The House Budget Committee came in hot, tackling fraud, waste, and abuse in entitlement programs. Chairman Jodey Arrington said the goal is restoring dignity to work—not funding freeloaders. Experts warned Medicaid is bloated with loopholes, improper payments, and “money-laundering tactics.” Witnesses said real reform isn’t optional—it’s a moral must.

Lawmakers say the truly needy should come first, not scammers and able-bodied adults dodging work while taxpayers pick up the tab.

The Center Square reports:

The House Budget Committee looked at ways to change entitlement programs during a hearing Wednesday.

Chairman Jodey Arrington and other lawmakers addressed concerns over government spending, entitlement program abuse, and other policies that they say threaten both the economy and dignity of American workers.

“Through the One Big Beautiful Bill Act, the House has advanced reforms to restore accountability and ensure our entitlement programs actually serve the vulnerable, not schemers,” Arrington said in his opening statement.

The hearing was titled: “Reversing the Curse: Rooting Out Waste and Fraud and Restoring the Dignity of Our Work.”

Brian Blase, president of Paragon Health Institute; Matthew Dickerson, xirector of budget policy at the Economic Policy Innovation Center; and Nick Stehle, of the the Foundation for Government Accountability testified.

They focused on the way improper payments, loopholes, and weak oversight increased government spending across programs like Medicaid.

“Federal Medicaid spending increased dramatically during the Biden administration – a result of policies that prioritized enrollment over eligibility, exacerbated state Medicaid money-laundering tactics, and produced excessive state payments to providers and insurers given states’ ability to disproportionately spend with federal money,” Blase said.

According to Stehle, “Medicaid reform is not a choice.

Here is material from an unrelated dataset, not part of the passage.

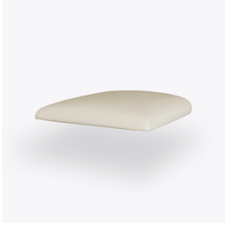
Seat Cushion is Field Replaceable

The seat cushion can be replaced in the field.
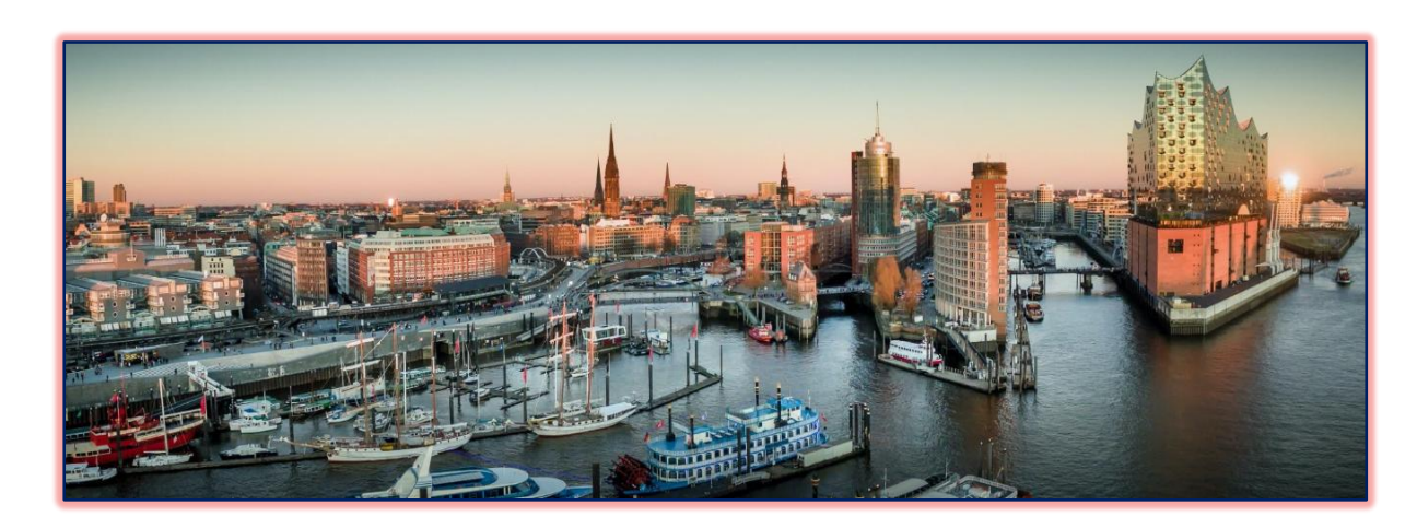
Figure 2: Humburg maritime Arbitration circle.

arbitration, as well as a fear that the "judicialization" of international arbitration proceedings will lead to a decrease in the ability to resolve transnational disputes. Numerous interrelated factors, such as inadequate or unclear arbitration agreements, sluggish procedures, and insufficient criteria for selecting arbitrators, all contribute to the escalating costs and delays in maritime Law. Seafaring arbitrators, for example, can cause unnecessary delays by directing a disproportionately large number of cases to a small pool of experienced arbitrators.

It is a moral and fiscal imperative.”

“Choosing not to act is relegating the program to putting the truly needy last and fraudsters, illegal aliens, and able-bodied adults who sit at home first – all while taxpayers foot the bill for an ever-growing program,” he added.

Dickerson raised concerns about waste and improper payments in other programs like food assistance and unemployment insurance.

“In recent decades, enrollment has expanded significantly, benefit levels have grown faster than inflation, and taxpayer spending has surged,” he said.

Dickerson also talked about the importance of work in American society.

“It can instill ethics of integrity, honesty, respect, empathy, and accountability,” he said. “Work requires effort that is essential to earned success.”